The reader will please to bear in mind (what few choose to recollect), that there is no allusion to a future state in any of the books of Moses, nor indeed in the Old Testament. For a reason for this extraordinary omission he may consult Warburton's "Divine Legation;"[4]

  1. [The words enclosed in brackets are taken from an original draft of the Preface.]
  2. [The Manichæans (the disciples of Mani or Manes, third century A.D.) held that there were two co-eternal Creators—a God of Darkness who made the body, and a God of Light who was responsible for the soul—and that it was the aim and function of the good spirit to rescue the soul, the spiritual part of man, from the possession and grasp of the body, which had been created by and was in the possession of the spirit of evil. St. Augustine passed through a stage of Manicheism, and in after-life exposed and refuted the heretical tenets which he had advocated, and with which he was familiar. See, for instance, his account of the Manichæan heresy "de duplici terrâ, de regno lucis et regno tenebrarum" (Opera, 1700, viii. 484, c; vide ibid., i. 693, 717; x. 893, d. etc.).]
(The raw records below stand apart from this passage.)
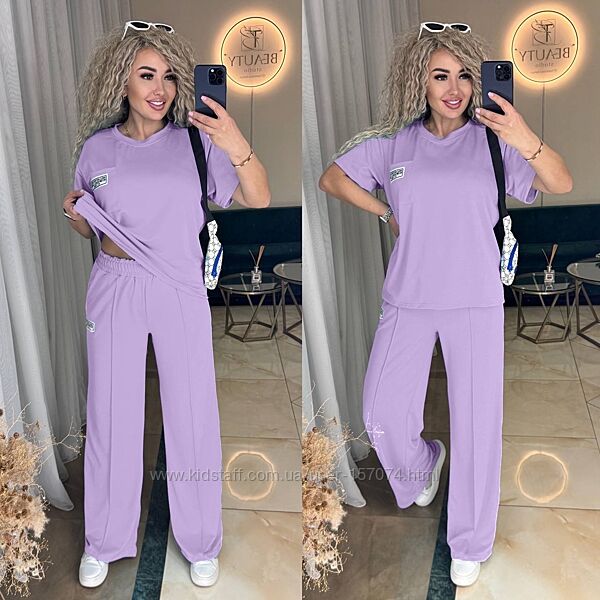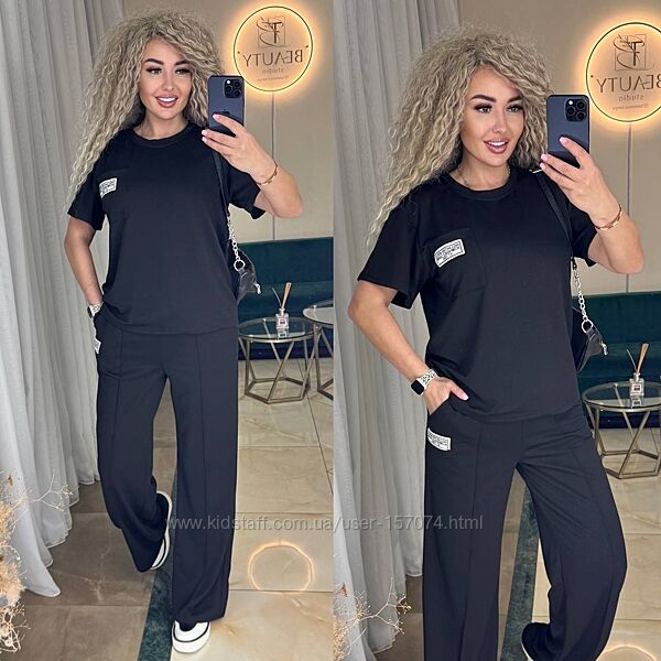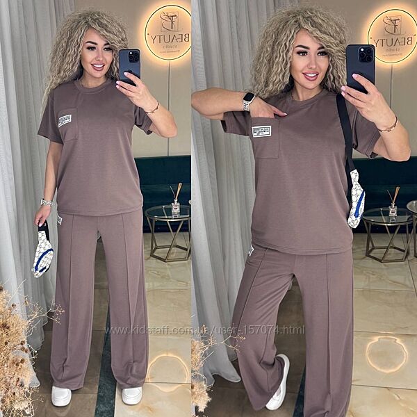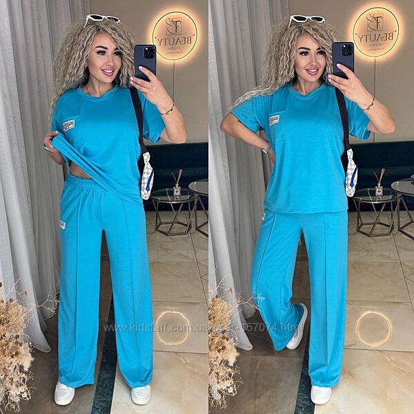 Костюм футболка с широкими штанами двунитка 42-52 р-р
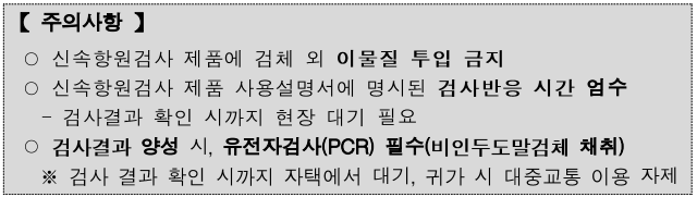 ※ 코로나19 감염 여부를 신속히 확인하기 위한 것으로 확진검사를 위해서는 별도의 유전자 검사(PCR) 필요
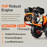 A: It is powered by a 7HP 209cc 4-stroke gas engine, providing reliable power for tough soil and garden tasks.
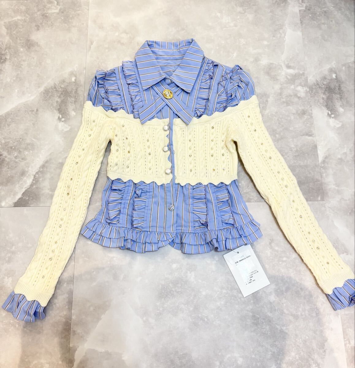 - インポートオフショルダーデザインストライプ長袖シャツ・ブラウス

  3. [Conan the Jester, a character in the Irish ballads, was "a kind of Thersites, but brave and daring even to rashness. He had made a vow that he would never take a blow without returning it; and having . . . descended to the infernal regions, he received a cuff from the arch-fiend, which he instantly returned, using the expression in the text ('blow for blow')." Sometimes the proverb is worded thus: "'Claw for claw, and the devil take the shortest nails,' as Conan said to the devil."—Waverley Novels, 1829 (notes to chap. xxii. of Waverley), i. 241, note 1; see, too, ibid., p. 229.]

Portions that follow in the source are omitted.